Author of over fourteen books of poetry, Joe Ross was born in Pennsylvania and graduated magna cum laude from the Honors Program at Temple University in Philadelphia. There is was highly influenced by professors Toby Olson and Douglas Messerli. He soon moved, thereafter, to Washington, D.C. where we wrote his first book Guards of the Heart, consisting of four plays written in poetic form.
      In Washington, D.C., he worked at The John F. Kennedy Center for the Performing Arts and was very active in the cultural scene of that city. He served as the President of the Board of the Poetry Committee at The Folger Shakespeare Library from 1994-1997 and as the Literary Editor of the arts bi-monthly The Washington Review from 1991-1997. He also co-founded and directed the In Your Ear poetry reading series at the District of Columbia Arts Center. 
     During these years Ross continued to publish poetry, including How to Write: or, I used to be in love with my jailer, An American Voyage, Push, Deflections, Full Silence, and The Fuzzy Logic Series.
      In 1997 he received a National Endowment for the Arts Fellowship Award for his poetry and moved to San Diego, where he worked for the City of San Diego Commission's for Arts and Culture. In 1999, he left that position to put his poetics into practice, and to work directly in politics. He served as the Senior Chief Policy for several elected officials. He also continued to be very active in the San Diego cultural scene, serving as a board member of the San Diego Art Institute and co-founding and curating the Beyond the Page reading series in that city. Two more of his books appeared: The Wood Series and EQUATIONS=equals. In 2003 he received his first of three Gertrude Stein Poetry Awards.
 

     His work was also included in 1988 in The Best of American Poetry of that year, in Writing from the New Coast, Hungry As We Are, and in the 2005 anthology, The PIP Anthology of World Poetry of the 20th Century: Intersections: Innovative Poetry in Southern California.
      His poetry reveals close links with the "Language" poets, but it seeks, in its disjunctive structure, puns, and linguistic riddles, to also be accessible to larger audiences. Many of Ross's poems are subliminally political, while concerned with love and interrelations between individuals. The American Voyage, in particular, concerns the idealism of American culture and its failures as a culture to live up to its ideals.
       He currently works as a business communications strategist.

BOOKS OF POETRY

Guards of the Heart: Four Plays (Los Angeles: Blue Corner Books, 1990); How to Write; or, I used to be in love with my jailer (Norman, Oklahoma: Texture Press, 1992); An American Voyage (Los Angeles: Sun and Moon Moon Press, 1993); Push (Buffalo: Leave Books, 1994); De-flections (Elmwood, Connecticut: Potes and Poets Press, 1994); Full Silence (Los Angeles: Upper Limit Music, 1995); The Fuzzy Logic (Norman, Oklahoma: Texture Press, 1996); The Wood Series (Los Angeles: Seeing Eye Books, 1997); EQUATIONS=equals (Los Angeles: Green Integer, 2004); Strati (Italian/English) (La Camera Verde, 2007) Strata (Zürich, Switzerland: Dusie Books, 2008); FRACTURED//Conections (Italian/English) (La Camera Verde, 2008); wordlick (Los Angeles, Green Integer, 2011); 1000 Folds (Tuscon, Arizona: Chax Press, 2014); Threads in Time (Angers, France: Atelier de Villemorege, 2016); Paris, France, History and Its Making--The Making of History (Bi-lingual France and English) (Rouen: Universititaires de Rouen et du Havre, 2017); Last Days on Earth (Kingston, Rhode Island: Dusie Press, 2017)

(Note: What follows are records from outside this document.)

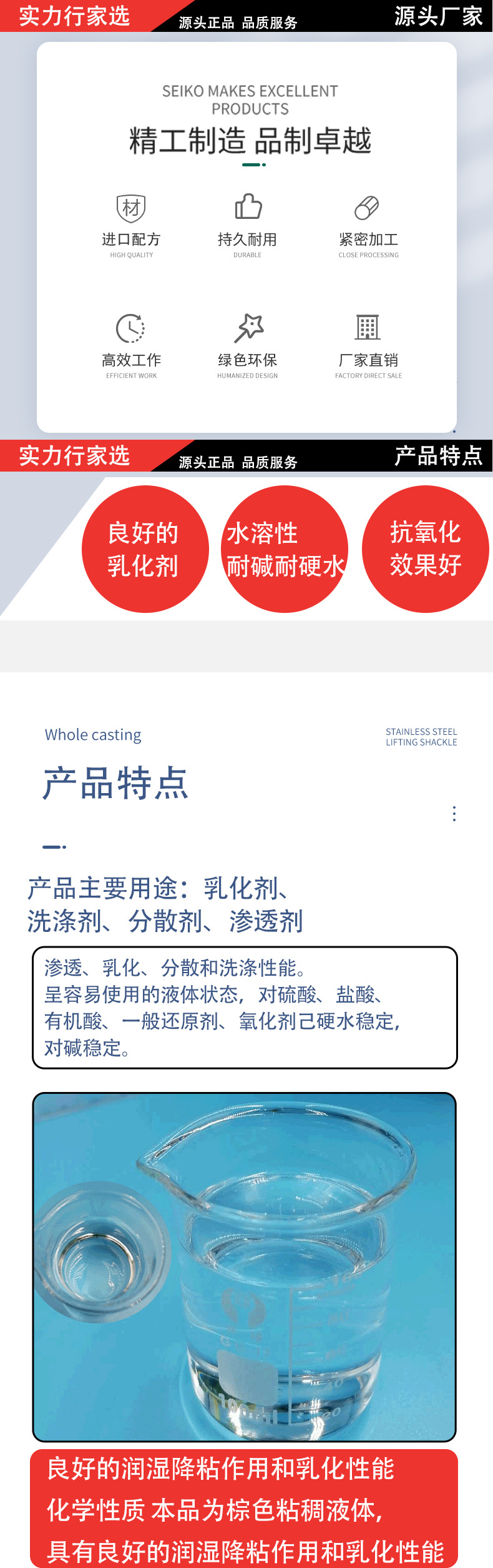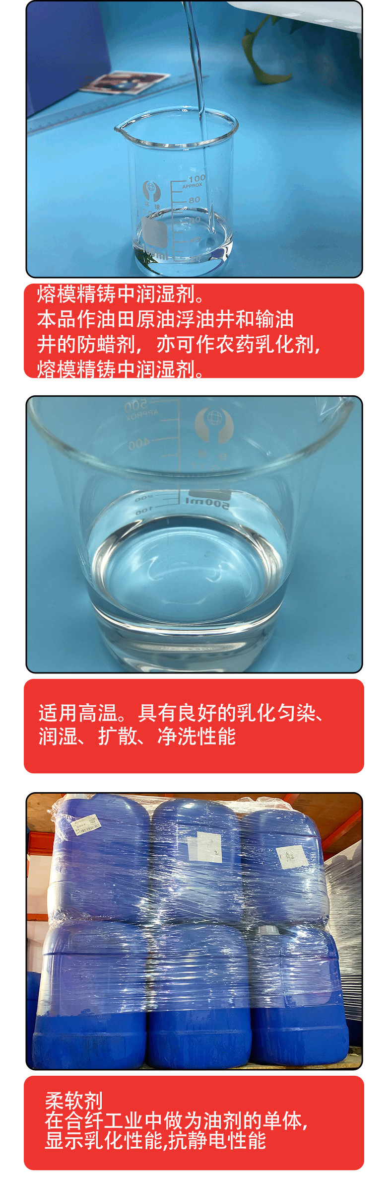 Цель Used for the main active components in detergents and industrial cleaning agents; pesticide emulsifier and wetting agent, pigment dispersant, emulsifier, etc. in paints
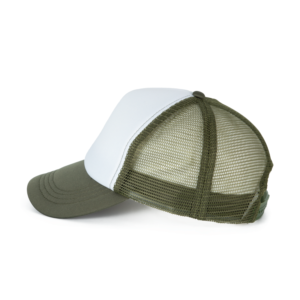 100 % Polyester mit Polyesternetz hinten. 5 Panels. Problemlose Veredelung auf vorderem Panel. Kunststoffschnalle zur Weitenregulierung. Kopfumfang: 53 cm.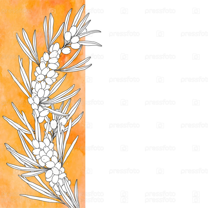 Дизайн с ветвями облепихи и место для текста. Цветочная вертикальная граница на оранжевом акварельном фоне. Макет декоративной поздравительной открытки, шаблона рамки или фона дизайна приглашения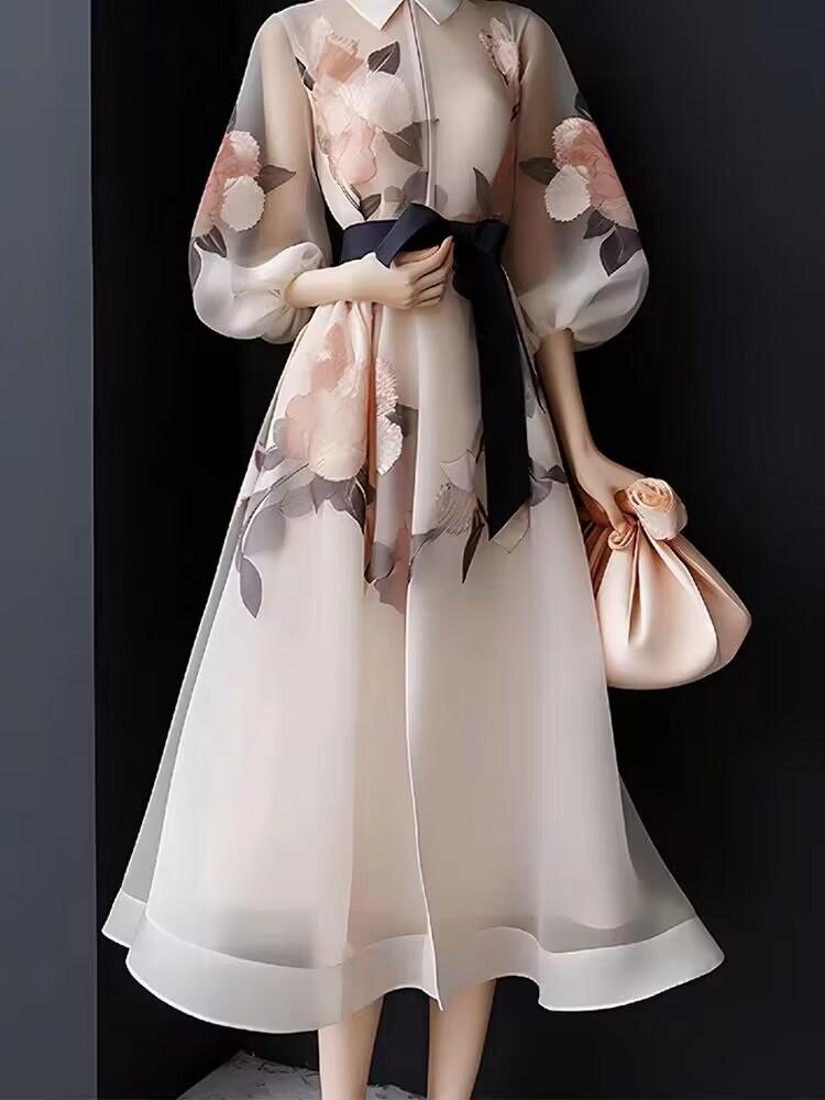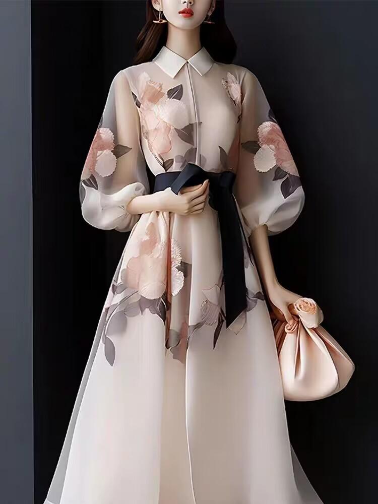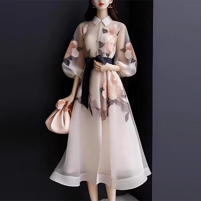 Retiro de Mostrador Primavera y Otoño Nuevo Estilo Chino Vestido Estilo Nacional para Mujer Temperamento Falda Lujosa de Alta Gama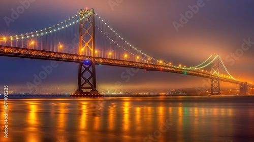 Fototapeta premium A bridge with lights on it is reflected in the water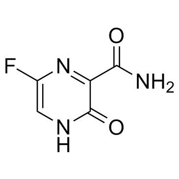 Favipiravir (T705) 是一种吡嗪甲酰胺衍生物,对流感病毒、西尼罗河病毒、黄热病病毒、口蹄疫病毒以及其他黄病毒、沙粒病毒、布尼亚病毒和甲病毒具有活性。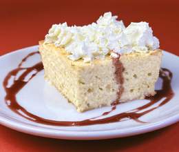 Bizcocho bañado en tres tipos de leche y espolvoreado con canela en polvo.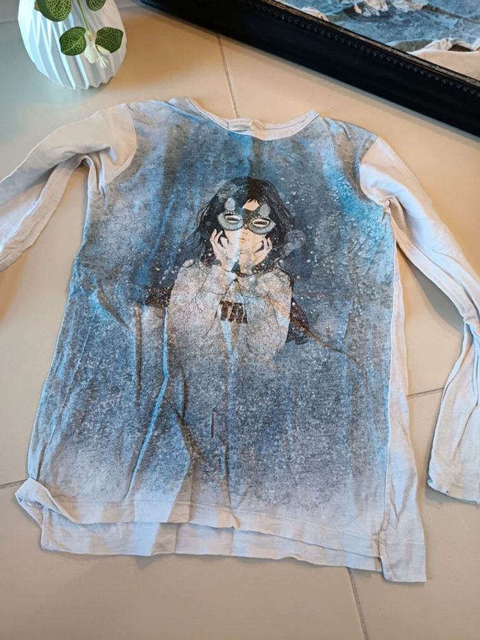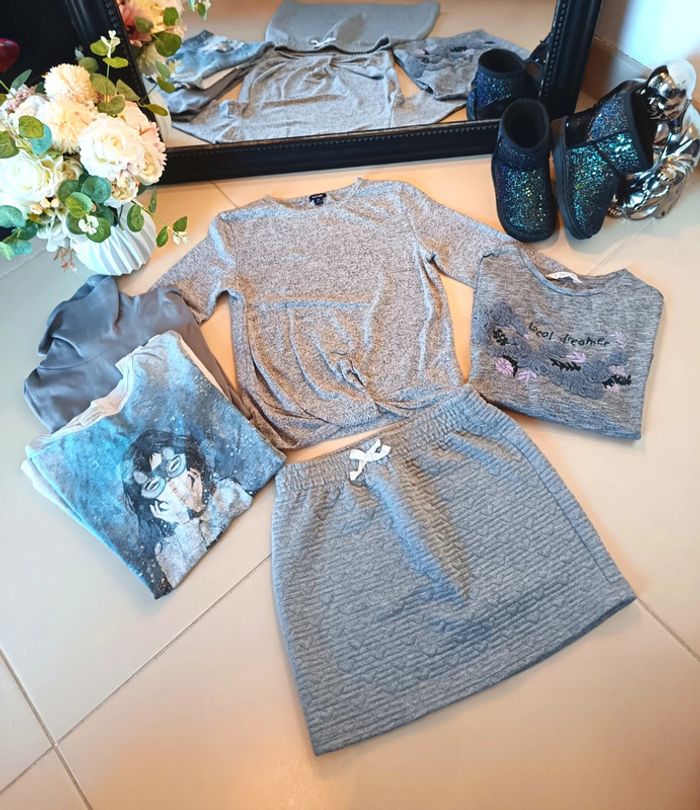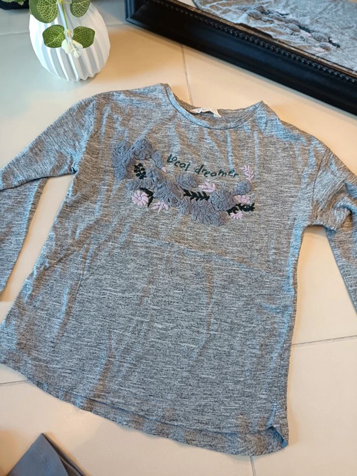 Vêtements d'occasion en très bon état général taille 7/8ans plusieurs marques 1 jupe épaisse 1 pull 3 tee-shirt manches longues Dont 1 offert derrière photo Certains bon état *Vendu sans accessoires* C1
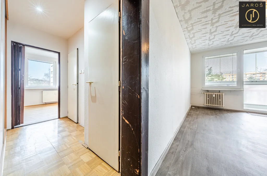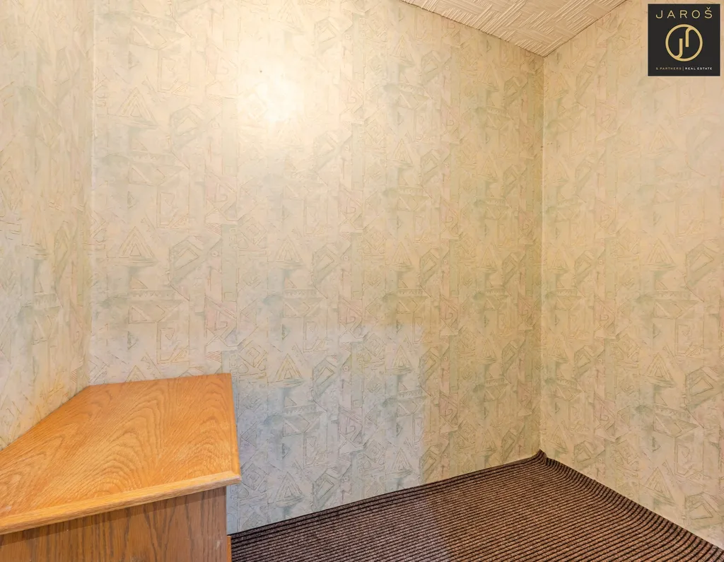 Byt se nachází ve 3. patře pečlivě udržovaného domu s výtahem a hned po vstupu vás překvapí svou vzdušností. Dominantou je prostorný obývací pokoj, do kterého se díky velkým oknům doslova vylévá denní světlo. Na něj navazuje moderní kuchyňský kout v dekoru dřeva, který je ve špičkovém stavu a plně vybaven vestavnými spotřebiči (myčka, trouba, mikrovlnka). Milovníci pořádku ocení bonusovou místnost s kobercem, která je jako stvořená pro šatnu snů nebo klidný home office.

Winner of the PIP Gertrude Stein Awards for Innovative Poetry in English
2005-2006


Wish

Was it you?
There in the new.
Morning is a verb –
fresh outlined
the action.
Sorry, did you say
evasion or invasion?
I can’t quite hear what
turned up
at the outskirts
of lasting. Remembering
peace was a verb too.
A complication necessary
and known not for
its fact but by what
it lacked.
_____
Reprinted from Job’s Horse (2005). Copypright ©2005 by Joe Ross.




from Guards of the Heart


SEMOSA: [Thinking to herself as she sees the old woman in the distance]

The years, bring little pain, yet they add.
Everything builds, somewhere, and takes a toll—
not at crossing or borders or bridges, but
rather, the outside coming in and staying—
too close to the beat, but by the river, pumping
echoes to shore washing upon the ears, ringing—
what the mind reflects through eyes before water—
at a time yet called and stalled, somewhere
in the actions yet to take place
yet remembered, somehow.
Though, not yet—
and was already.
As though time stopped, I look
there me, after befores.
And now.
How? I circle or turn or watch or am
involved.
She, there, yes, I remember, not
but feel or rehearse.
All too often, again, yes
there goes I
through time past, colliding forward
never moving
but yet a place, to watch
and call to companions, to look
and fill spaces—
not with bodies or lies or even plans,
but with the simplest of smiles—
arching a plain back to what connects
before we moved in, before we moved
before we.
And she know, not on the edge—
but where it gathers.


( from Guards of the Heart: Four Plays, 1990)


from An American Voyage
The world green blue in ambivalent sound.
The heat pressing down against.
The will of current.
Strings of palm.
Adagio of fish.
A light step into swim
recovering artifice from extinction.
Even the breath blue.
A tongue held in coconut bite,
the skin peeled back.
Raw fruit.
Rare exclamation.
A single purpose.
A lame excuse
limping for the night.
Stars suspended in inverted light.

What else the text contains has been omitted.